Viral dynamics of acute HIV infection and HIV rebound following suspension of antiretroviral therapy may be qualitatively similar but must differ given, for one, development of adaptive immune responses. Understanding the differences of acute HIV infection and viral rebound dynamics in pediatric populations may provide insights into the mechanisms of viral control with potential implications for vaccine design and the development of effective targeted therapeutics for infants and children. Mathematical models have been a crucial tool to elucidate the complex processes driving viral infections within the host. Traditionally, acute HIV infection has been modeled with a standard model of viral dynamics initially developed to explore viral decay during treatment, while viral rebound has necessitated extensions of that standard model to incorporate explicit immune responses. Previous efforts to fit these models to viral load data have underscored differences between the two infection stages, such as increased viral clearance rate and increased death rate of infected cells during rebound. However, these findings have been predicated on viral load measurements from disparate adult individuals. In this study, we aim to bridge this gap, in infants, by comparing the dynamics of acute infection and viral rebound within the same individuals by leveraging an infant nonhuman primate Simian/Human Immunodeficiency Virus (SHIV) infection model. Ten infant Rhesus macaques (RMs) orally challenged with SHIV.C.CH505 375H dCT and given ART at 8 weeks post-infection. These infants were then monitored for up to 60 months post-infection with serial viral load and immune measurements. We use the HIV standard viral dynamics model fitted to viral load measurements in a nonlinear mixed effects framework.
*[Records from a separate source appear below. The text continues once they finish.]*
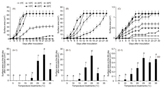 Growth of mycelial cultures of (A) Neocosmospora metavorans, (B) Fusarium sp., and (C) Meyerozyma guilliermondii on the PDA at different temperature treatments (5, 10, 15, 20, 25, 30, and 35 °C). (A-1,B-1,C-1) are the fungal colony’s surface area of N. metavorans, Fusarium sp., and M. guilliermondii on the 6th day after inoculation in each temperature treatment, respectively. The overall difference in medians among the temperature treatments (the 6th day after inoculation) is significant at p < 0.001 using Kruskal–Wallis test. Means with different letters (a, b, c, d, e, and f) are significantly different among temperatures at the 1% level. SD, standard deviation. N = 5 replicates per fungal species.
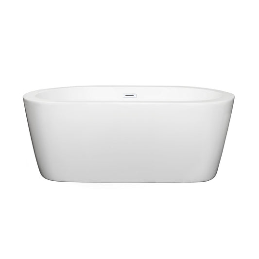 Wyndham Collection Mermaid 60" Freestanding Bathtub in White With Shiny White Drain and Overflow Trim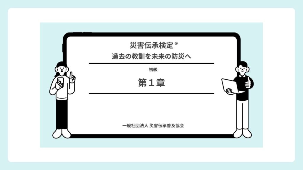 はい、テキストがございます。災害伝承検定は、e-ラーニングとリアルタイムのオンライン講座(Zoomミーティング利用)で、災害伝承について学習をしていただき、その習熟度を検定するものです。教材は、テキスト、スライド、動画教材をご用意しています。e-ラーニングシステム内に準備されています。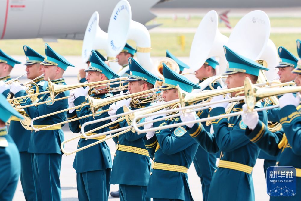 身著盛裝的哈薩克斯坦女青年向習近平獻花。禮兵分列藍地毯兩側致敬,哈薩克斯坦少年兒童手持中哈兩國國旗熱烈歡迎習近平到訪。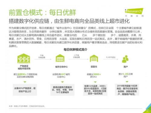 这两家前置仓玩家也带动了行业发展的一波高潮。而我们更多要看到巨头玩家入场,生鲜电商、社区团购、社区电商或者说近场电商模式多样性,市场处于一种复杂的竞争生态。

We find that the primary difference between acute infection and rebound is the increased death rate of infected cells during rebound. We use these findings to generate hypotheses on the effects of adaptive immune responses. We leverage these findings to formulate hypotheses to elucidate the observed results and provide arguments to support the notion that delayed viral rebound is characterized by a stronger CD8+ T cell response.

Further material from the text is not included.